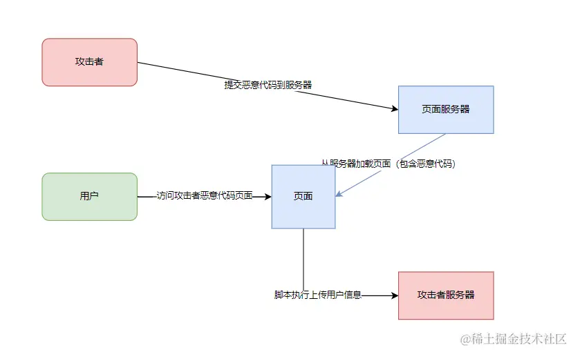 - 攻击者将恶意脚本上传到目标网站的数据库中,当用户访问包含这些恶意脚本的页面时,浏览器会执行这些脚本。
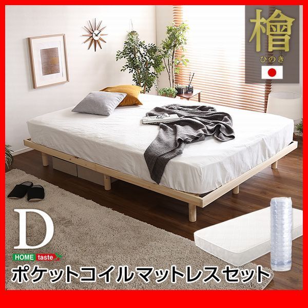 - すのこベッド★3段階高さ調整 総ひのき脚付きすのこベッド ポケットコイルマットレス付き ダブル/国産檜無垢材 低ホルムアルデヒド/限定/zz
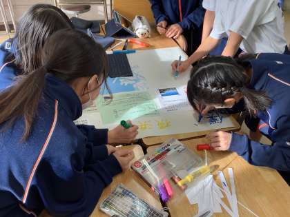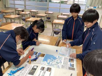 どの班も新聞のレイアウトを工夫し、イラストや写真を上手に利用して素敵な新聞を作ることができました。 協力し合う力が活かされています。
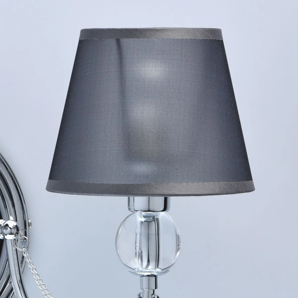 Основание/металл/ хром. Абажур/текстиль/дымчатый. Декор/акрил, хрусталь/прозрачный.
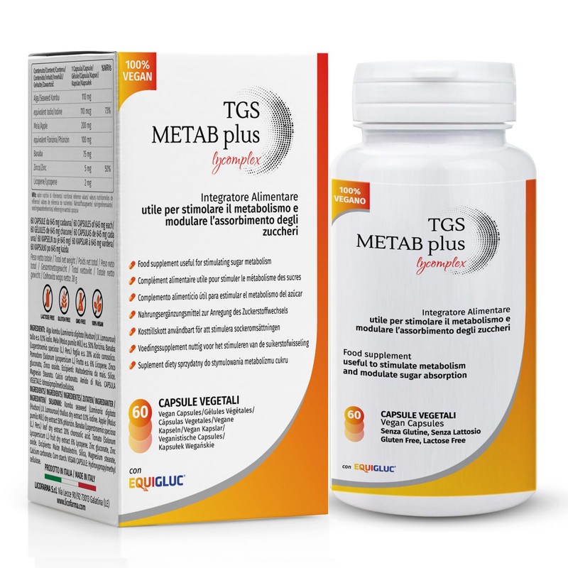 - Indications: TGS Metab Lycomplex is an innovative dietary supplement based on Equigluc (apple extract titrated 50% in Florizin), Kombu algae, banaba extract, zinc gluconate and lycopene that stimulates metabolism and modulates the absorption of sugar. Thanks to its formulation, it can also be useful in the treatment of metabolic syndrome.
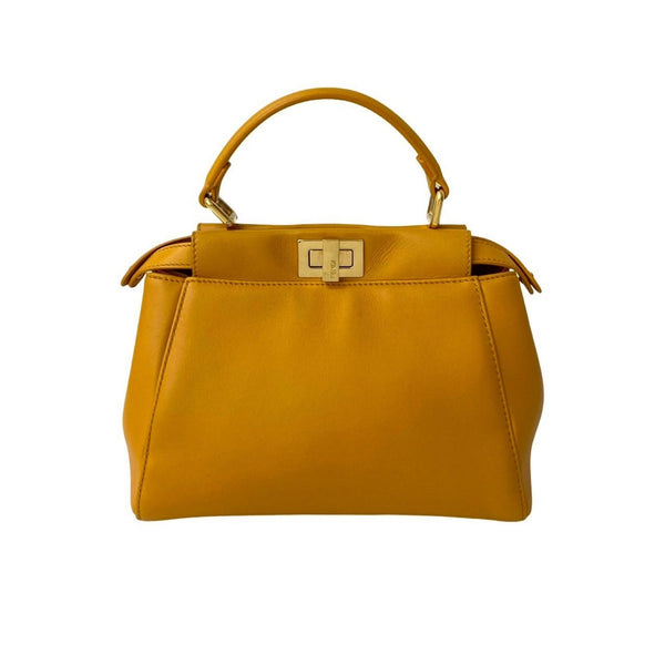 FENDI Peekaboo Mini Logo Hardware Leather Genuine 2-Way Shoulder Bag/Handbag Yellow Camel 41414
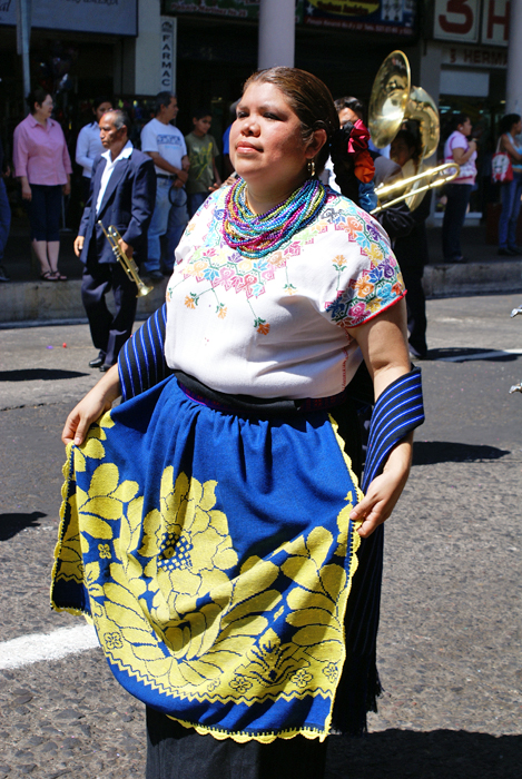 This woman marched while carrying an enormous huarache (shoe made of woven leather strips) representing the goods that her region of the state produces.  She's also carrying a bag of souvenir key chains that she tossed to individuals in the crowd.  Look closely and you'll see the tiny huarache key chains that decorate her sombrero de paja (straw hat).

== TASK PROMPT ==
Copy word for word only the lines above from the one with "どの班も新聞のレイアウトを工" through the one with "FENDI Peekaboo Mini". Leave pictures out.

== ANSWER TO THIS EXERCISE ==
 どの班も新聞のレイアウトを工夫し、イラストや写真を上手に利用して素敵な新聞を作ることができました。 協力し合う力が活かされています。
 Основание/металл/ хром. Абажур/текстиль/дымчатый. Декор/акрил, хрусталь/прозрачный.
 - Indications: TGS Metab Lycomplex is an innovative dietary supplement based on Equigluc (apple extract titrated 50% in Florizin), Kombu algae, banaba extract, zinc gluconate and lycopene that stimulates metabolism and modulates the absorption of sugar. Thanks to its formulation, it can also be useful in the treatment of metabolic syndrome.
 FENDI Peekaboo Mini Logo Hardware Leather Genuine 2-Way Shoulder Bag/Handbag Yellow Camel 41414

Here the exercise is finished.